Investigations on materials removal mechanism during laser-assisted grinding silicon nitride ceramics

Abstract

Abstract Grinding of silicon nitride ceramics has been seen the existence of processing problems such as low processing efficiency and high grinding forces. In response to the problem this paper mainly analyzes the processing mechanism of the laser-assisted grinding process, simulates the grinding process of a single abrasive grain grinding the surface of the silicon nitride microgroove through the coupled simulation of the smooth particle hydrodynamics (SPH), and finite element method (FEM), and analyzes the change of the material removal process with the grinding force and the depth of damage.

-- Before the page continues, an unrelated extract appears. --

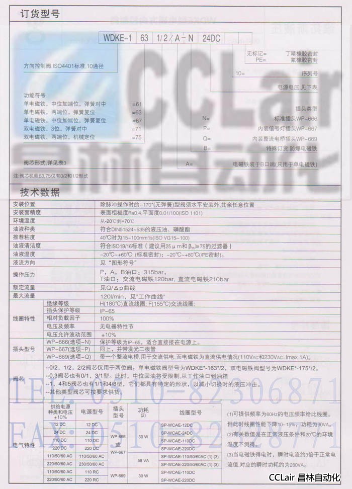 詳細信息 WDKE-1611/2,WDKE-1630/2,WDKE-1670/2,WDKE-1710/2,WDKE-1751/2,電磁方向控制閥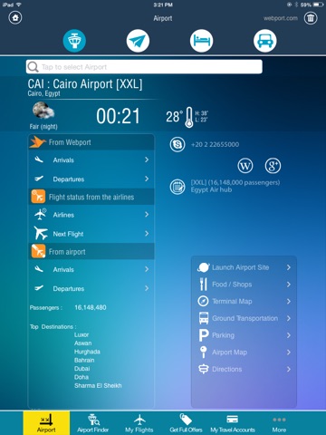 Cairo International Airport (CAI) is the largest airport in Egypt and the second largest airport in Africa. The Cairo Airport is the main hub for EgyptAir. This app provides complete information for Cairo Airport including parking, food and restaurants, terminal maps, directions and more.

The simulation results show that the grinding force and damage depth are significantly reduced when the abrasive grain cuts in the position of microgroove proximity due to the change of microstructure on the crack extension direction. An indentation experiment was carried out on silicon nitride ceramics, when the indenter was pressed in the closer position of the microgroove, the diagonal crack of the indentation would be extended to the side of the microgroove, which showed reasonable agreement with simulation results. It also proved that the laser heat source had a softening effect on the material. Two kinds of microgroove surfaces with different groove spacings were designed, and the laser-induced surfaces were subject to grinding experiments. The experimental results show that compared with the non-groove surface, the micro-grooved surface can significantly reduce the grinding force and improve the machining efficiency, and modifying the parameters of the grinding process can impact the effectiveness of laser-assisted grinding in reducing grinding force.